Tuesday, July 18, 2017

Jane Eyre by Esther Freud




On the bicentenary of Charlotte Brontë’s birth


Jane Eyre

by Esther Freud





Esther Freud

Esther Freud

Saturday 16 April 2016 08.00 BST


I was 14 or 15 and living on the top floor of a communal house in a small village in Sussex when I first read Jane Eyre. It was the most romantic book I’d come across, and it ignited in me the idea – surely already smouldering – that there was someone out there who would see the grand heroine that was really me, and not the “small, plain” person I presented. I had a bedroom with a balcony that looked out over a large terraced garden, and I used to lean over it and see if I could catch sight of the current object of my affections, a married man who lived on the ground floor, with whom I was carrying on a romance of epic proportions, fuelled only by an occasional glance in my direction, the offer of a lift to the next village and, once, the soulful handing over of a flower. I found out later that he was in fact having an affair with the woman who rented two rooms on either side of the front door, and although in that instance – and, sadly, in many others – my intuition was out, it was Jane Eyre’s psychic ability to know when she was being called to that has stayed with me most profoundly. When I next read the book, and recently, while listening to Rachel Joyce’s luminous adaptation on the radio, I was struck by the extraordinary directness with which Rochester and Jane communicate. It thrills me, as it must have thrilled readers in 1847, how their talk transcends convention – cutting through politeness, forcing an intimacy that leaves them reeling, altered.

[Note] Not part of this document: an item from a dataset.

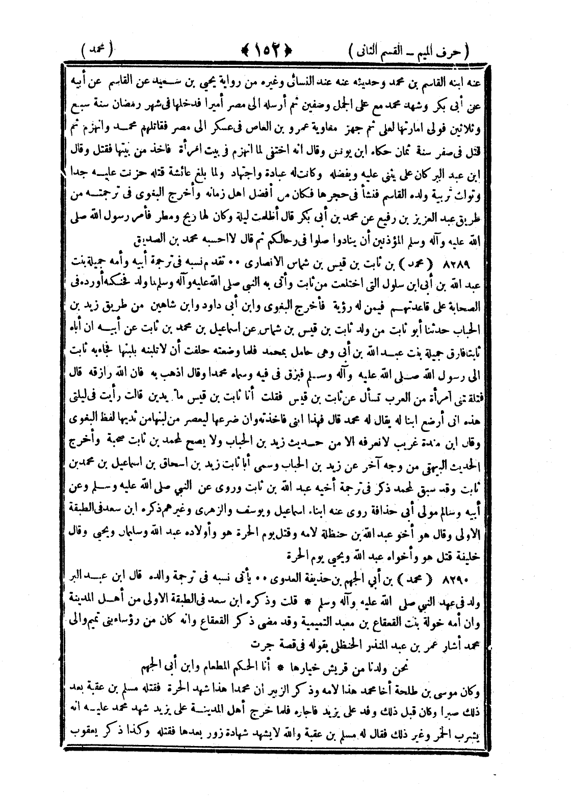 <152> عنه ابنه القاسم بن محمد وحديثه عنه عند النسائي وغيره من رواية يحيى بن سعيد عن القاسم عن أبيه عن أبي بكر وشهد محمد مع الجمل وصفين ثم أرسله إلى مصر أميرا فدخلها في شهر رمضان سنة سبع وثلاثين فولى إمارتها لعلي ثم جهز معاوية عمرو بن العاص في عسكر إلى مصر فقاتلهم محمد وانهزم ثم قتل في صفر سنة ثمان حكاه بن يونس وقال إنه اختفى لما انهزم في بيت امرأة فأخذ من بيتها فقتل وقال بن عبد البر كان علي يثني عليه ويفضله وكانت له عبادة واجتهاد ولما بلغ عائشة قتله حزنت عليه جدا وتولت تربية ولده القاسم فنشأ في حجرها فكان من أفضل أهل زمانه وأخرج البغوي في ترجمته من طريق عبد العزيز بن رفيع عن محمد بن أبي بكر قال أظلمت ليلة وكان لها ريح ومطر فأمر رسول الله صلى الله عليه وسلم المؤذنين أن ينادوا صلوا في رحالكم ثم قال لا أحسبه محمد بن الصديق محمد بن ثابت بن قيس بن شماس الأنصاري تقدم نسبه في ترجمة أبيه وأمه جميلة بنت عبد الله بن أبي بن سلول التي اختلعت من ثابت وأتى به النبي صلى الله عليه وسلم لما ولد فحنكه أورده في الصحابة على قاعدتهم فيمن له رؤية فأخرج البغوي وابن أبي داود وابن شاهين من طريق زيد بن الحباب حدثنا أبو ثابت من ولد ثابت بن قيس بن شماس عن إسماعيل بن محمد بن ثابت عن أبيه أن أباه ثابتا فارق جميلة بنت عبد الله بن أبي وهي حامل بمحمد فلما وضعته حلفت أن لا تلبنه بلبنها فجاء به ثابت إلى رسول الله صلى الله عليه وسلم فبزق في فيه وسماه محمدا وقال اذهب به فإن الله رازقه قال فتلقتني امرأة من العرب تسأل عن ثابت بن قيس فقلت أنا ثابت بن قيس ما تريدين قالت رأيت في ليلتي هذه أني أرضع ابنا يقال له محمد قال فهذا ابني فأخذته وإن ضرعها ليعصر من لبنها من ثديها لفظ البغوي وقال بن منده غريب لا نعرفه إلا من حديث زيد بن الحباب ولا يصح لمحمد بن ثابت صحبة وأخرج الحديث البيهقي من وجه آخر عن زيد بن الحباب وسمى أبا ثابت زيد بن إسحاق بن إسماعيل بن محمد بن ثابت وقد سبق لمحمد ذكر في ترجمة أخيه عبد الله بن ثابت وروى عن النبي صلى الله عليه وسلم عن أبيه وسالم مولى أبي حذيفة روى عنه ابناه إسماعيل ويوسف والزهري وغيرهم ذكره بن سعد في الطبقة الأولى وقال هو أخو عبد الله بن حنظلة لأمه وقتل يوم الحرة هو وأولاده عبد الله وسليمان ويحيى وقال خليفة قتل هو وأخواه عبد الله ويحيى يوم الحرة محمد بن أبي الجهم بن حذيفة العدوي يأتي نسبه في ترجمة والده قال بن عبد البر ولد في عهد النبي صلى الله عليه وسلم قلت وذكره بن سعد في الطبقة الأولى من أهل المدينة وأن أمه خولة بنت القعقاع بن معبد التميمية وقد مضى ذكر القعقاع وأنه كان من رؤساء بني تميم وإلى محمد أشار عمر بن عبد المنذر الحنظلي بقوله في قصة جرت نحن ولدنا من قريش خيارها أبا الحكم المطعام وابن أبي الجهم وكان موسى بن طلحة أخا محمد هذا لأمه وذكر الزبير أن محمدا هذا شهد الحرة فقتله مسلم بن عقبة بعد ذلك صبرا وكان قبل ذلك وفد على يزيد فأجاره فلما خرج أهل المدينة على يزيد شهد محمد عليه أنه يشرب الخمر وغير ذلك فقال له مسلم بن عقبة والله لا يشهد شهادة زور بعدها فقتله وكذا ذكر يعقوب §

“Your smile did not strike my heart for nothing,” Rochester tells Jane when she saves him from the fire, and then, noticing she is shivering with cold and shock, he tells her she must go. But she can’t go. He still has hold of her hand. It is this yearning, this connection, this idea that there is something out there bigger than us, that makes so many readers – me among them – respond to Brontë’s masterpiece so powerfully.